The Virginia Supreme Court, interpreting the Virginia Constitution's speech and debate clauses, has recognized a legislative privilege from responding to a document subpoena substantially similar to that of the better-known federal privilege.  Edwards v. Resilind, decided by opinion of Justice Lemons without concurrence or dissent, arose in the context of a discovery dispute in a redistricting case where plaintiffs challenging redistricting sought production of documents from various legislators and from the General Assembly's Division of Legislative Services (DLS).  The Virginia Supreme Court, after setting out at length the correct definition of the privilege, remanded the case to the Circuit Court for application of the rule to contested documents.

Here are some of the opinion's essential points from our review:

  1. The legislative privilege applies only to actions undertaken in the "legislative sphere" which is law making but not politicking and not generally constituent outreach.
  2. The legislative privilege can be exercised by legislators and it is the legislators' privilege to waive.
  3. Ordinarily, a detailed privilege log need not be provided regarding the documents insulated from production or discovery based on the legislative privilege, but a summary of the basis for the invocation of the privilege should suffice.  (Note that Judge Payne, in applying the federal privilege, even as to Virginia General Assembly documents, has taken very much the opposite view.)
  4. Even non-legislators may invoke the legislative privilege if they are acting as a legislator's alter-ego, i.e., a person authorized or directed by a legislator to act on her behalf.  Legislators' staff, Division of Legislative Services staff, are likely such persons.  Policy consultants are likely such persons as they are more likely to be acting in the legislative sphere.  Political consultants, lobbyists, and constituents are less likely to be alter-egos but, on a case by case basis, they may be if they are acting in the legislative sphere and delegated to act as a legislator's alter-ego.  If a putative "alter-ego" is paid by the legislator or public body, that is a factor that cuts in favor of qualifying as an alter-ego; conversely being privately paid to act on behalf of an outside constituency suggests the person is not a legislator's alter-ego.  Mere employment circumstances, however, are not dispositive of the inquiry.  The inquiry is focused on whether the putative alter-ego is acting in the legislative sphere on behalf of the legislator.

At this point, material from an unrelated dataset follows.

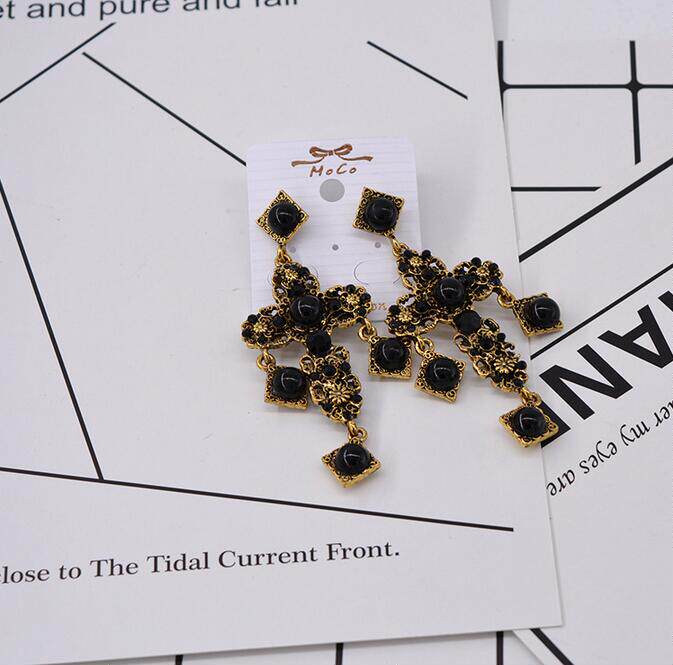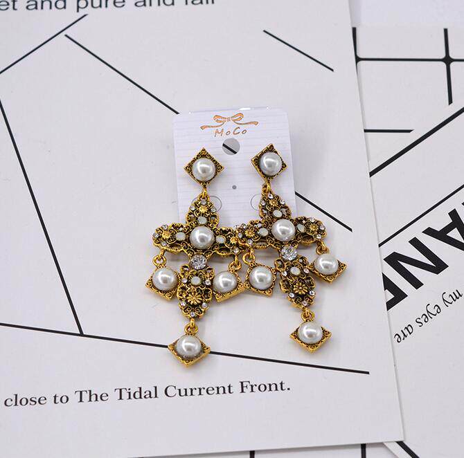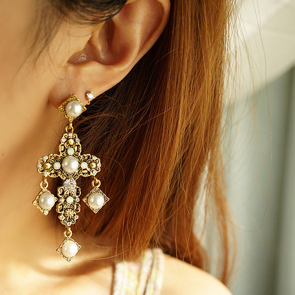 European And European Retro Baroque Pearl Pendant Cross Insert Diamond Earrings Pearl Ear Nail Bridal Accessories

Justice Lemons's opinion is scholarly and focused on the history of the relevant Constitutional provisions.  It will bear considering whether the privilege attaches to legislators other than those in the General Assembly.  Much of the opinion's discussion of the origins of the privilege is grounded in a separation of powers rationale: the Executive and Judicial branches are obliged to be deferential to the Legislature's internal legislative deliberations as a matter of treating co-equal branches of government with appropriate respect.  This rationale appears to apply to legislators wherever they may be found at state or the local level, at which political subdivisions of the Commonwealth exercise authority granted to them by the state.  However, the language of the Constitutional provision at issue, however, appears to apply to members of the "General Assembly."  Therefore, as stated in footnote 1 of the opinion, it is unclear whether the legislative privilege described in this case would apply to materials generated by a Board of Supervisors or City Council.

 

In a case to apply the rationale of this opinion to a local governing body, the case of Nogiec may be instructive because that was a legislative immunity case. In that case, involving alleged defamation of a member of the Isle of Wight County Board of Supervisors, the Supreme Court described the nature of legislative action of a local governing body in applying the defense of legislative immunity.  The scope of legislative action and therefore the immunity was narrower than the supervisor had desired.  Va locality Law blog: http://valocalitylaw.com/#article/922

This new opinion will be worth reading carefully for local government attorneys faced with document requests of various kinds for legislative materials.  We note that this opinion does not address the Freedom of Information Act, but presumably a constitutional privilege would apply to requests under the Act as well as subpoenas in court.